A related trend is a growing judicial willingness to interpret the hearsay rule broadly and in line with its purpose to exclude unreliable evidence. In some cases, this has allowed statements made electronically to be admitted under the hearsay exceptions for present sense impression or excited utterance. Still another trend is in the law governing authentication and the use of demonstrative evidence. Courts tend to view digital communications as more immune from manipulation or alteration than is the case with analog communications, and courts have permitted their use as evidence in whole new ways that were previously unimagined.
It also bears mention that courts are grappling with new ethical issues with the advent of electronic communications. The need for lawyers to preserve their electronic directly relevant documents and electronically stored information (ESI) hardly points to new law, but the nature of how communications are now frequently stored and transmitted has created some unique issues that has required rulings. One example is the issue of lawyer-initiated spoliation of ESI.
This comes up where an attorney is required or permitted by law to retain a document for a specified period of time. Lawyers have an ethical duty to preserve and retain certain evidence and documents, but a lawyer may mention, edit, or even erase something preserved in electronic form that was not intended for discovery in a way that might affect the piece of evidence. Courts are aware of this, and have begun to closely scrutinize the actions of lawyers with respect to such evidence.

Final Thoughts and What Lawyers Should Do

As we have seen, evidentiary rules form the cornerstone of our justice system. They provide structure to an otherwise chaotic system. Though these rules and how they should be applied can be complex, there are some simple best practices that every lawyer should keep in mind when dealing with evidence.
Be thorough: When preparing for a trial, be sure to collect as much evidence as possible that will support your case. The more supporting evidence you have, the better your case can stand up to any challenges. However, in the gathering process, avoid overwhelming the judge or jury with too much information. In this, it is essential to keep the information logical and clear, as opposed to just more. When only relevant information is admitted, they will be able to face and dismiss frivolous or redundant evidence while focusing on the evidence that matters.
Be strategic: In addition to gathering evidence to support your case , think strategically about any weaknesses in your case.
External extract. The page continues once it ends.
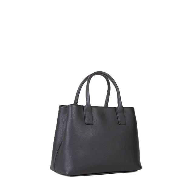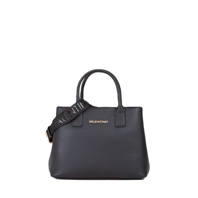 The Valentino handbag in black hammered synthetic leather is the ideal accessory for those seeking elegance and functionality in a single design.

Being forthright about those weaknesses will demonstrate that you are presenting evidence objectively, thereby enhancing your credibility. Scrutinizing your own evidence will also help you to fine-tune your strategy and bolster your argument even further. Finally, being prepared for a challenge and having alternative strategies in place can save you time and money while staying ahead of the game.
Ask questions: Asking the right questions can reveal where additional evidence is needed to support a claim. Sometimes, when the judge has a question, they will direct it to the lawyer whose evidence is being challenged. Don’t hesitate to ask clarifying questions about what evidence has been admitted when a witness is on the stand and why this evidence is relevant to the case at hand.